A CPU core with multiple threads offer us a distinct advantage when we have a guest OS and application that take advantage of multiple threads and parallel execution of tasks. This hyper-threading can often offer between 10% to 30% performance increase in the executed task, but the work delivered is not the same as two physical CPU cores. When applications benefit from the extra threading by offloading contentious CPU instruction, we see more than 100% efficiency from a single CPU core. This is ideal for contentious instructions. Rather than executing two tasks one after another, two tasks are executed simultaneously. However, this is not a two-for-one deal. We do not see a 100% increase in performance since the execution of the hyperthread is only part of the executed instruction and not the the entirety of the executed task.

Now, what happens when we create a 32 vCPU VM on our 16 physical core host?
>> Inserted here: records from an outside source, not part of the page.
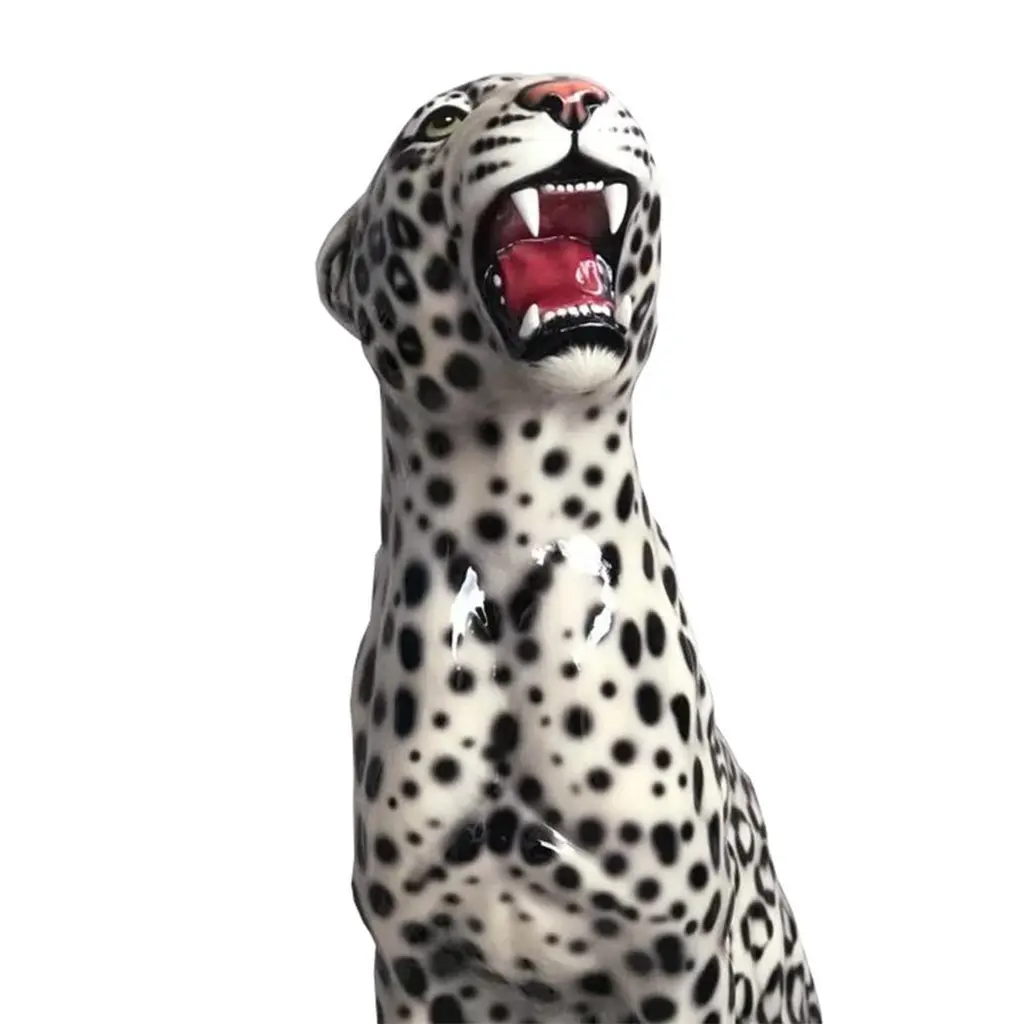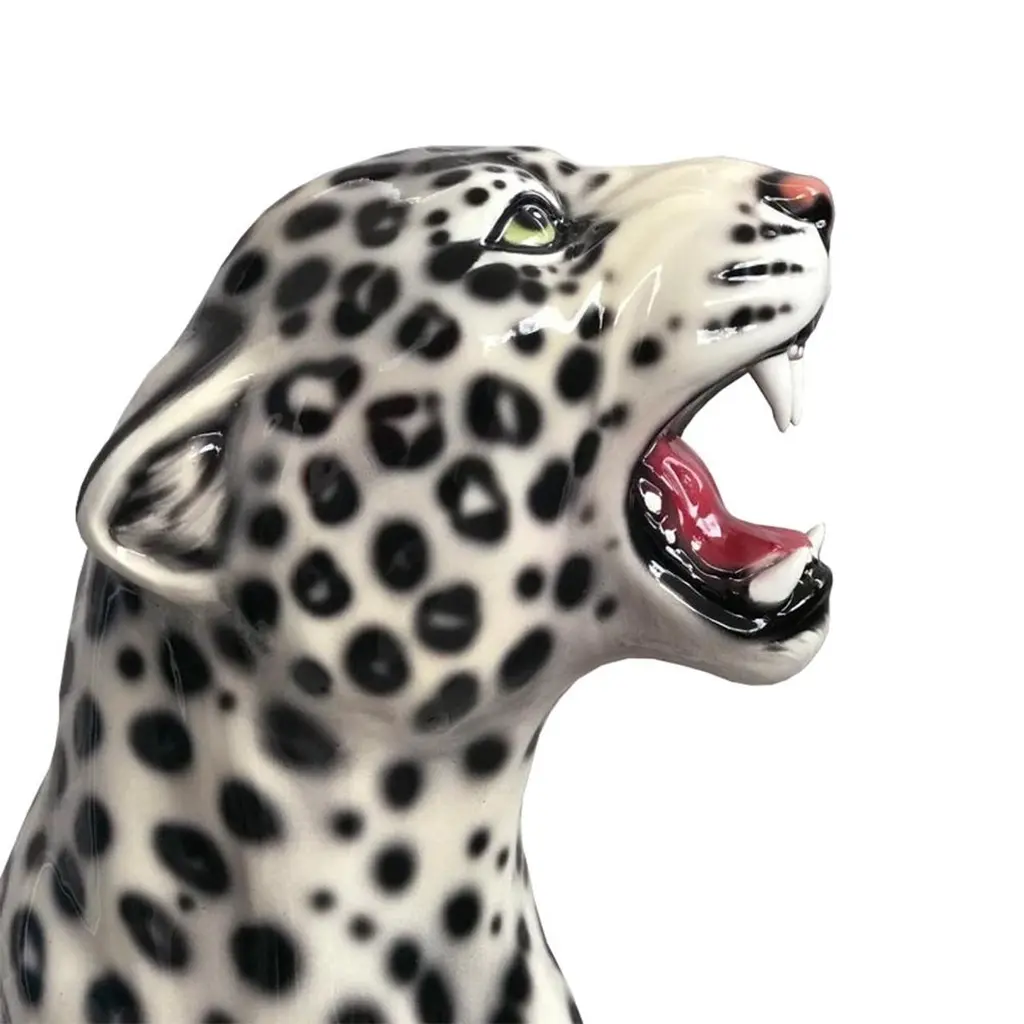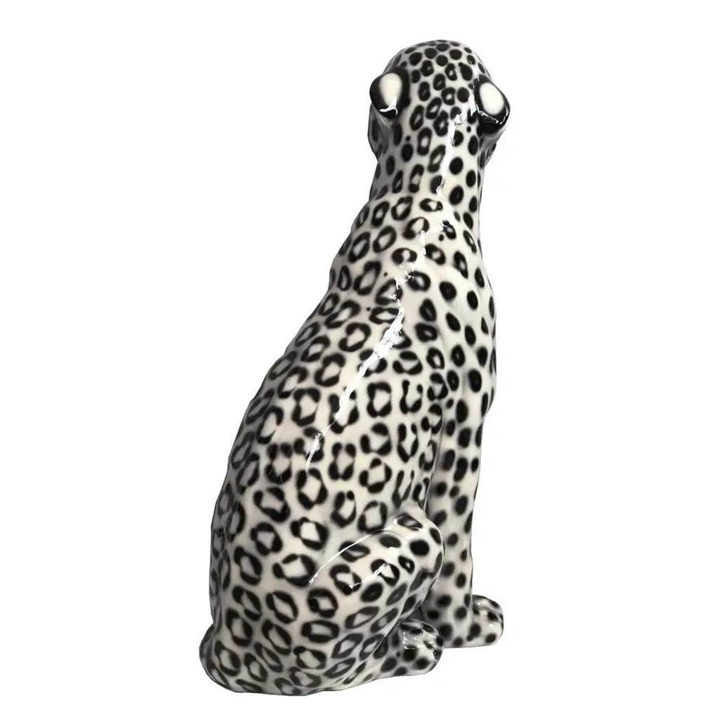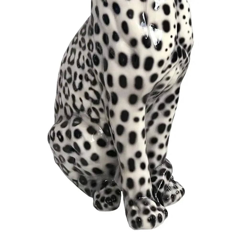 Sculpture leopard black and white right.All in hand-crafted ceramic made in Italy.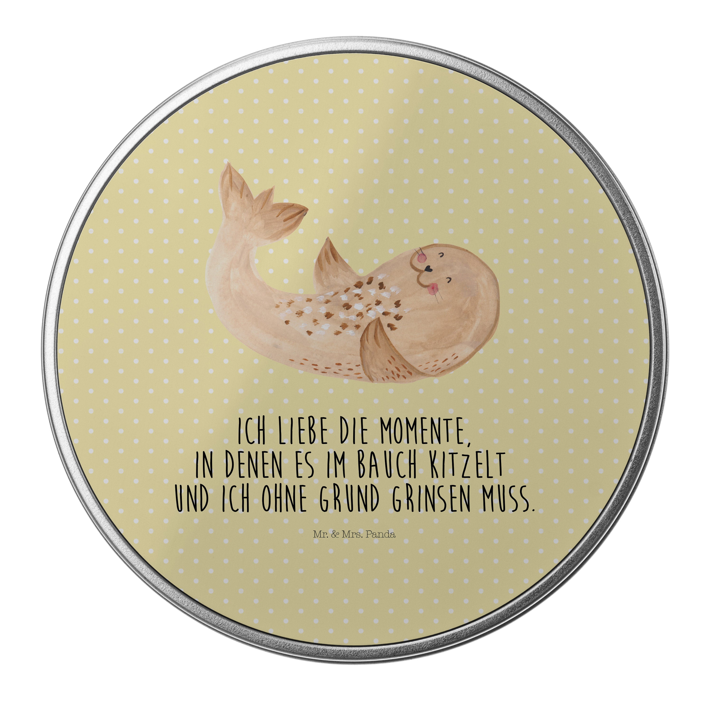 Blechdose rund Robbe liegend Metalldose, Keksdose, Dose, Vorratsdose, Geschenkbox, Tiermotive, Gute Laune, lustige Sprüche, Tiere, Robbe, Robben, Seehund, Strand, Meerestier, Ostsee, Nordsee, Lachen, Freude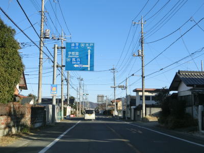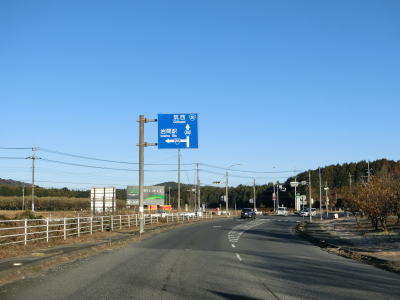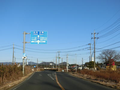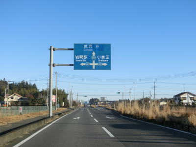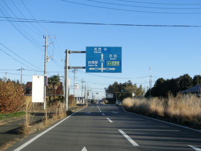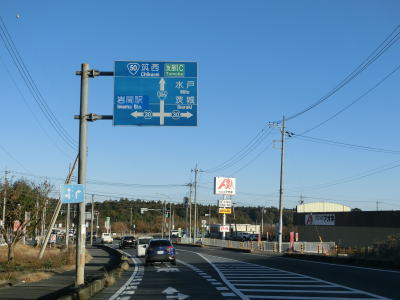 | 対面2車線道路になってからも流れの良い快走路が続いており、緩やかな左カーブの途中で茨城r30交差点を通過する。岩間駅が案内されている左折方向は旧岩間町の中心部でもあり、現道はそこを通り抜けている。大きく左にカーブしながら緩やかなアップダウンのある2車線道路を走っていると下郷跨線橋でJR常磐線の上を通る。 | ||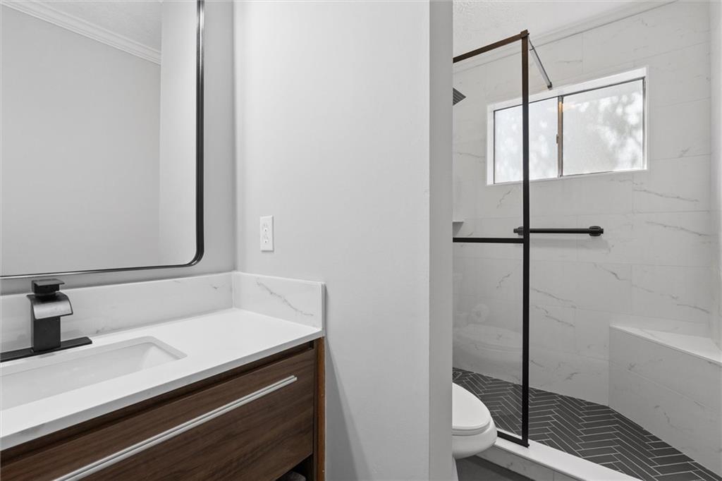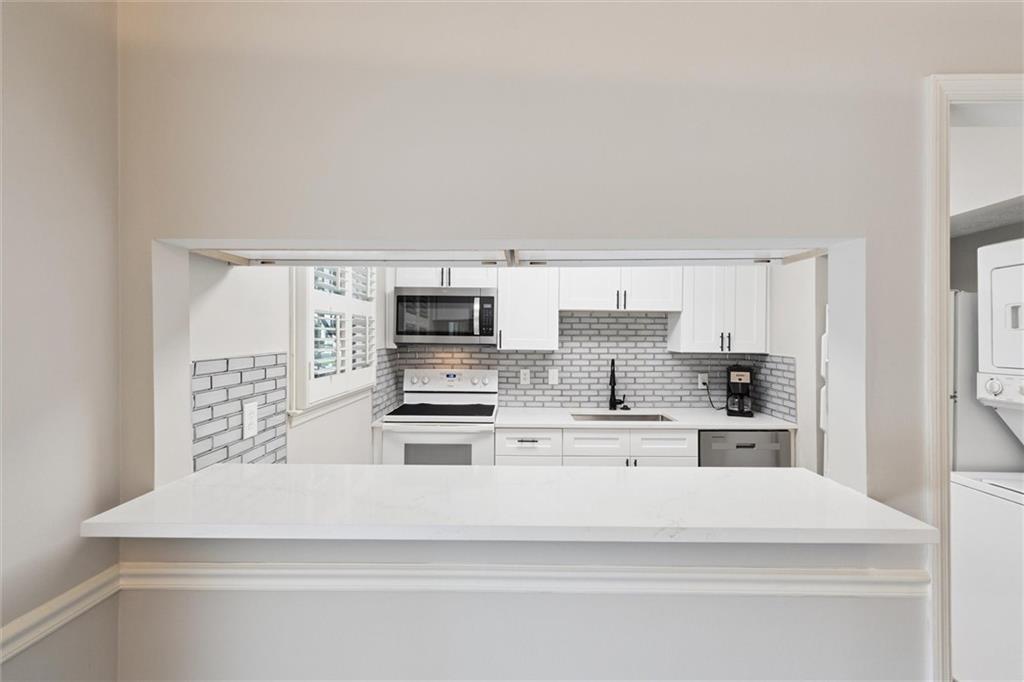 This beautifully upgraded and designed 2-bedroom, 2-bathroom condo in Atlanta is ready for its new owner! The windows and sliding door have been enhanced with Pella Custom brand windows, while the kitchen window features plantation shutters for optimal sunlight control. As you step inside, you are greeted by a spacious living room that offers ample room for hosting and entertaining guests. Just around the corner, the dining area is filled with natural light, creating a cheerful atmosphere that enhances every meal. The upgraded kitchen boasts quartz countertops and is equipped with brand-new stainless steel appliances, including a microwave and dishwasher, providing plenty of cabinet storage for preparing your favorite dishes. Both bedrooms are designed with comfort in mind, with the primary suite featuring a private bathroom for added convenience. Both bathrooms have been modernized with stylish shower and bath finishes. When warm weather returns, step out onto the cozy patio, perfect for enjoying your morning coffee or unwinding with a good book. Want to see this unit in person? Schedule a showing with your favorite agent today! All amenities—including water, pool, tennis, playground, and maintenance—are included with one of the lowest HOA fees in the area. You can easily walk to the gym, shops, and restaurants, and enjoy joining a league at the Sandy Springs Tennis and Pickleball Center, located just around the corner. This condo is conveniently situated near Highway 400 and I-285, with The Battery, Buckhead, Avalon, and Midtown all just minutes away. Plus, hop on MARTA for an easy train ride to the airport! This is a must-have purchase!

That depends. vSphere says I have 32 logical cores available, but logical is not what your workloads run upon. Your VMs need physical cores. Threads offer additional work threads in a guest OS where multithreading applications can use the resources. However, I created a 2 vCPU VM and expect it to run on the logical cores presented by the hyper-threading alone. The workloads still require a physical CPU core. Remember, our example host still only has 16 physical cores to carry out our execution and the threads offer us a performance increase in terms of extra threads, but threads are not equal to cores.
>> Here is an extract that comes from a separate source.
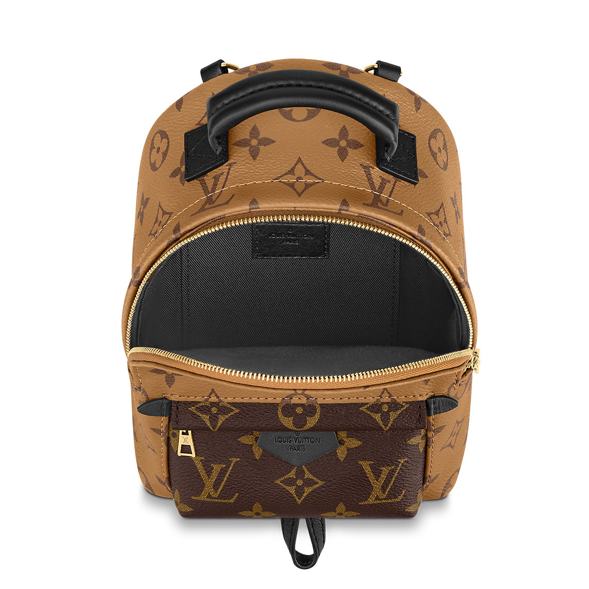 "Николя Жескьер представил культовый рюкзак в новом свете: из практичного аксессуара он превращается в модную и привлекательную сумку. Мини-версия имеет регулируемый ремень, позволяющий носить эту модель через плечо. Моментально снискавший популярность ценящих стиль женщин во всем мире и ставший бестселлером Дома, рюкзак в данной версии приобретает свежий ультармодный акцент благодаря знаковому узору Дома Louis Vuitton в особом исполнении Monogram Reverse."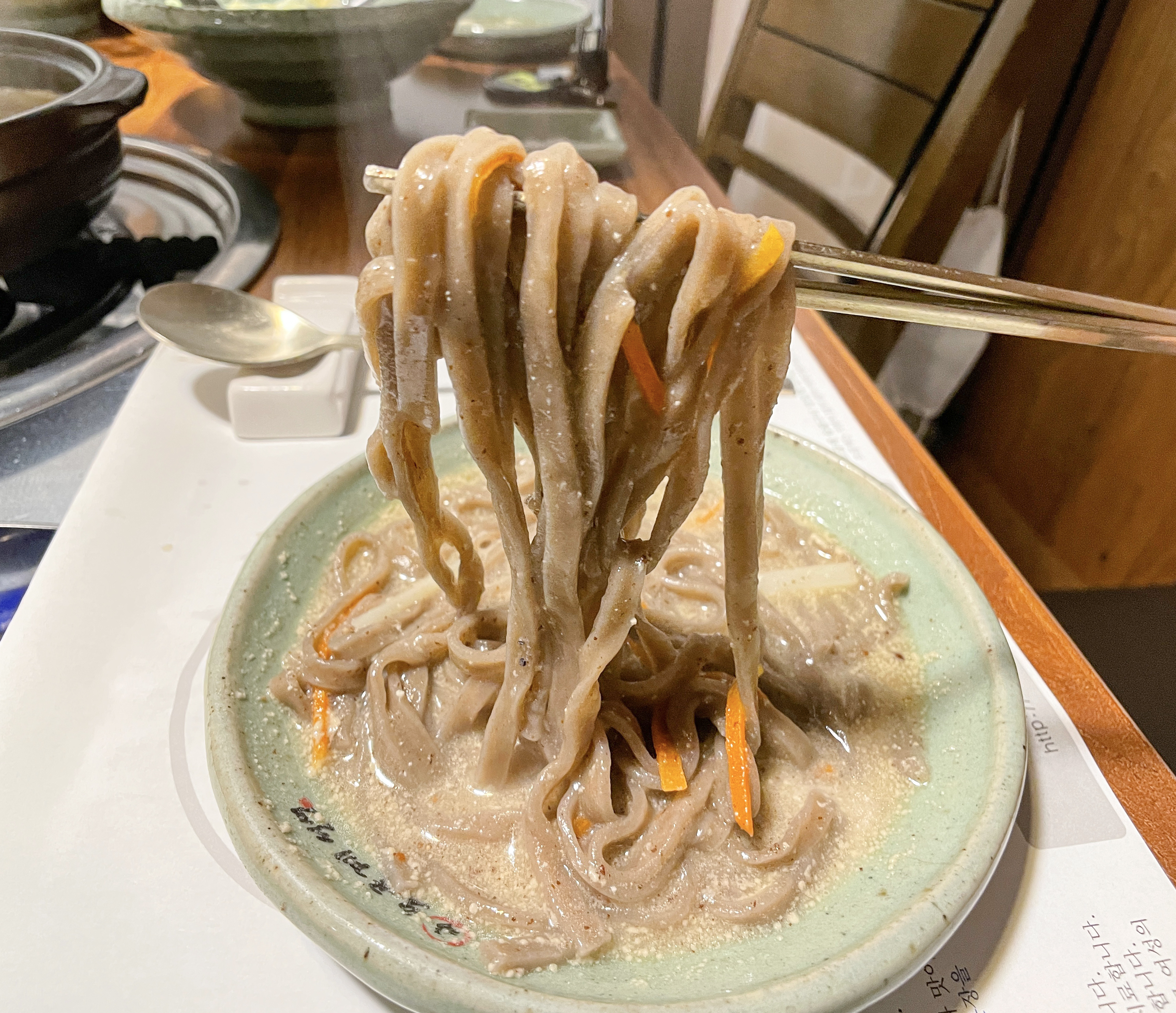오골계 숯불구이를 먹고 오골계의 뼈를 보는데 실제로 뼈와 살이 검은 것이 신기하더라고요. 오골계 숯불구이만 먹기에는 양이 조금 부족해서 들깨칼국수도 주문했습니다.

Now, vSphere and the hypervisor do us a favor here. It can schedule CPUs for us and if the demand is low and the resources are available, the hypervisor will give a CPU core to the workloads that need a core. If my demand is less than the resources available, I can give my VM all the capacity it needs until I hit the point where my CPU demand is greater than the resources available from my physical 16 cores. Threads or not, vSphere is scheduling the workloads and ensuring each CPU request goes fulfilled if it has the resources to give out.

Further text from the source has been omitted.